Let's be honest here, Governor Gregoire: you are most of the problem. Our deficit problems were caused by you. And you knew it at the time. You said, several times, in previous State of the State addresses, that we needed to stop the cycle of spending during good times, followed by cutting essential programs and raising taxes during bad times.
But that's exactly what you gave us: a state budget that increased 33 percent in your first term, and now we're faced with billions of dollars in deficits.
You can talk all you like about the recession and so on, but you knew a recession could be coming, and you knew what we needed to do to reduce its impact, but you didn't take your own advice. If we'd held the budget increases to reasonable levels we wouldn't be facing significant deficits at all.
You are -- along with the Democratic legislature that passed the spending bills you signed -- the reason we have this problem. It's why your job approval ratings are the worst they've ever been.
But you can redeem yourself, a little bit. You can promise to veto any removal of the two-thirds requirement to raise taxes, or any bill that increases taxes, that doesn't get a two-thirds majority of both the House and the Senate. Back when you were running for re-election you brought back the 1 percent cap on property tax because, you said, "The voters approved Initiative 747" and "it has been in place for five years." The two-thirds requirement has been on the books for 17 years, and was reaffirmed only three years ago; does it not deserve the same respect?
Or do you really not care about whether the voters approve something, as you said you did when you were running for re-election?
You can say all you want that we can't cut our way out of this. But we know that's not true, because you spent our way into it. You know, we know it, and you can drop the charade.
[NOTE: some of you might want to consider looking at the EFF's no new taxes petition.]
Cross-posted on <pudge/*>.
Posted by pudge at January 11, 2010 10:32 PM | Email ThisGregoire has political cover on the 2/3 vote, after all it's not her removing the requirement, it's the legislature.
There is no doubt in my mind that they will raise taxes. It's all they know how to do. And it won't change until people stop electing the same politicians to office.
Posted by: Palouse on January 12, 2010 08:22 AM"Please sir - I want more" Oliver Twist
Posted by: Borderland on January 12, 2010 09:03 AMAnd really, even if she does butcher the state economy, why would that even stop her from getting re-elected. Locke came straight out and insulted the voters publicly, and he was still popular. Face it, we have enough people in this state that are either 'getting' from the government or that think their moral imperative for government spending programs should be required by everyone.
I think there is hope for conservatives in Washington, but I surely don't think we can expect Gregoire to change her actions based on anything she has ever said.
Posted by: Erich on January 12, 2010 09:05 AMHow could it possibly be immoral to veto a bill passed by the legislature?
Don't bother answering, since I know you have no coherent answer.
Eyman claims that it's undemocratic to ignore the "will of the people" as they've expressed in the past.
Where "the past" is two years ago.
And Gregoire herself said that the legislature should respect the will of the people as expressed via initiative, even when an initiative was passed as many as five years ago, let alone two. So you're arguing against Gregoire here, as much as you're arguing against anyone.
(Well, Gregoire in campaign mode, anyway. As her friend Nancy Pelosi says, people say lots of things during campaigns. But respectable citizens expect their officials to actually mean what they say.)
we live in a representative democracy
... where the governor has -- from the people, through the Constitution -- the right of the veto. The veto is no less a democratic expression of the will of the people than the legislature passing bills is. Obviously.
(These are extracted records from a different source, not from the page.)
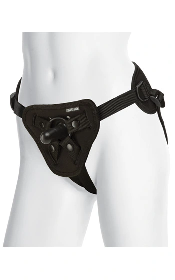 Beskrivning: Supreme Harness är en strapon-sele där tillverkaren fokuserat på riktigt hög kvalitet och en 100% komfort hos användaren som bär den. Skönt stöd med mjukt skumgummityg vid svanken och remmar undertill som möts under rumpan baktill. Justerbar för att sitta perfekt på dig som är upp till 175 cm runt höften. Tillverkad av syndigt svart och mjuk neopren. Pluggen framtill pluggas i valfritt tillbehör från Vac-U-Lock serien, o-ringarna i tre olika storlekar hjälper montaget att sitta utan risk för rubbning. Designen med öppen gren passar både henne och honom, är du man viker du undan penisen nertill och kan välja själv välja storlek på gummidongen som monteras framtill. Tvättbar för ett hygieniskt användande.
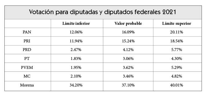 Empecemos por Morena, cuyo rango de votación lo ubica, con sobrada distancia de los demás, como el partido más votado en 2021. El valor más probable de su votación (37.1%) más que duplica la de los partidos en segundo y tercer lugar en intención de voto. Sin lugar a dudas, Morena será, visto su rango de votación, la primera fuerza en la próxima legislatura; pero sin alcanzar, por sí mismo, la condición de partido con mayoría absoluta. Incluso en su valor superior (40%), aún sumados los ocho puntos porcentuales de sobrerrepresentación (lo que no es seguro que ocurra), estaría en un total, grosso modo, de 240 diputados. Seis menos que los obtenidos en 2018.
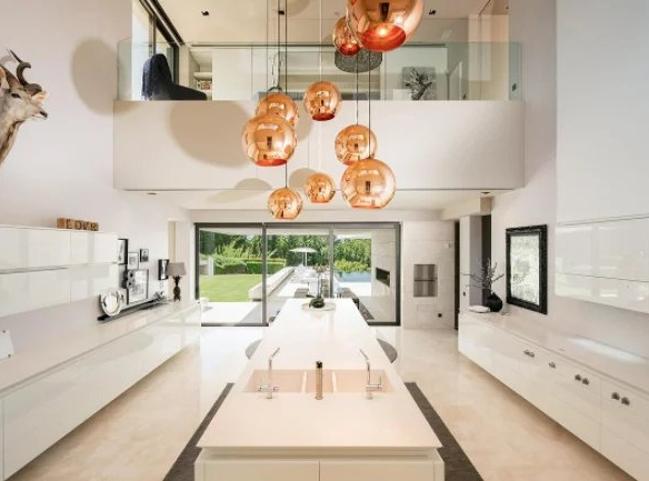 The expansive 3,152 m² villa captivates with its innovative design, elegant geometric lines, and subtle visual details that never become superfluous. The designer's skillful manipulation of space and light creates a seamless flow of living areas and a fluid, open layout. Modern technology controls everything from lighting and audiovisual systems to access and a range of advanced home automation systems. Splashes of light and gilded decorative pieces add a touch of luxury to the fashionable contemporary color palette; collectible art and decorative objects lend glamour and chic; and an eclectic mix of natural materials, leather, glass, and metallic elements provides a captivating contrast. The light globes are designed by Tom Dixon, whose works have been acquired by museums worldwide.
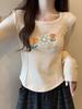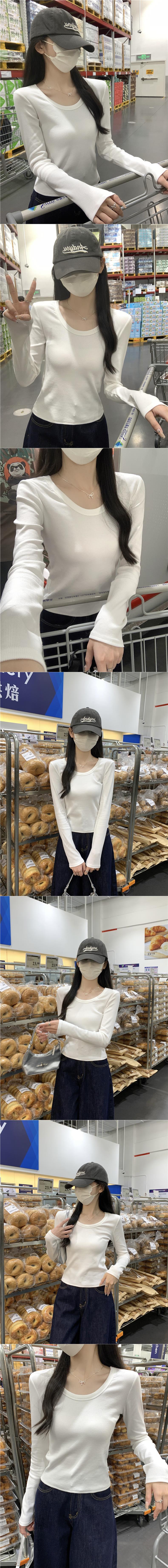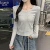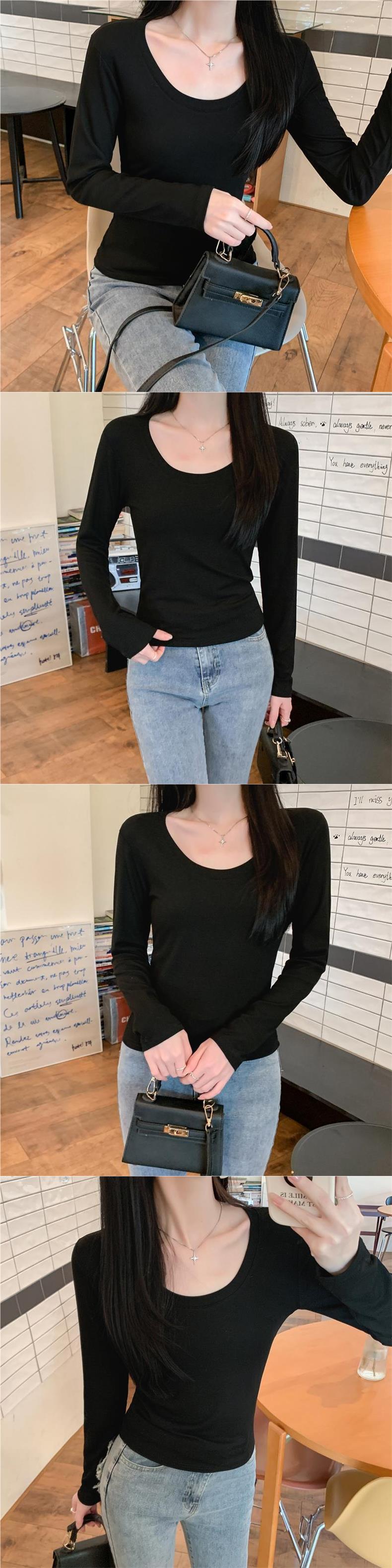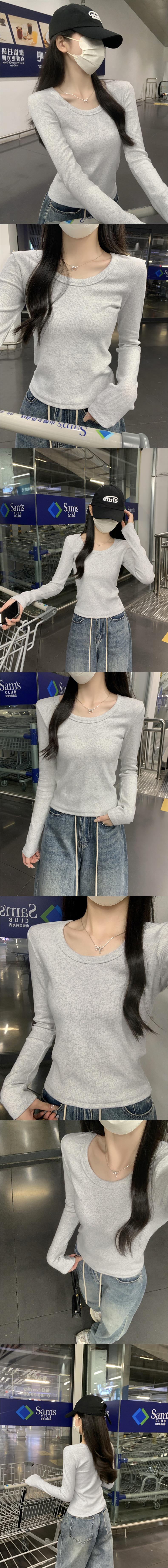 Ropa interior delgada de alta gama nuevo otoño temprano cuello redondo blanco 2025 sentido top básico camiseta manga larga mujer corte entallado
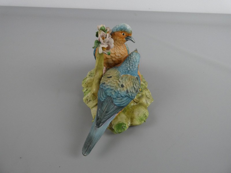 Design: Dit gedetailleerde kunstwerk toont een paar prachtig gekleurde vogels, zittend op een tak met delicate bloesems en groen. De levendige kleuren en realistische textuur van de veren maken het een echte blikvanger.

Weak sauce, Bruce, even for you.
Furthermore, how long should a law stay law before it is morally OK to repeal it? 2 years? 10 years? 100 years?
You can disagree with Gregoire's tax policy, but you have no grounds to criticize her for using her constitutional authority. You cheapen your claim of principled devotion to the constitution on other occasions when you make phoney arguments like this.
Posted by: Bruce on January 12, 2010 01:57 PMYou can disagree with Gregoire's and the legislature's tax policy, but you have no grounds to criticize them for using their constitutional authority. You cheapen your claim of principled devotion to the constitution on other occasions when you make phoney arguments like this.
Posted by: Bruce on January 12, 2010 02:00 PMFalse. No one, neither you nor I, made the point that anyone has a "moral right" here. And no one that I've seen denied that the legislature and governor have legal rights to pass and sign such a thing.
Furthermore, how long should a law stay law before it is morally OK to repeal it?
Again, no one here is talking about the morality, except for you.
you have no grounds to criticize them for using their constitutional authority
That's idiotic, Bruce. I have the greatest, most important, and most relevant grounds in the world: I am a citizen and I disagree with them.
You cheapen your claim of principled devotion to the constitution on other occasions when you make phoney arguments like this.
I defy you to show any example of me saying anything that in any way contradicts or disagrees with the Constitution, in word or in principle. You cannot.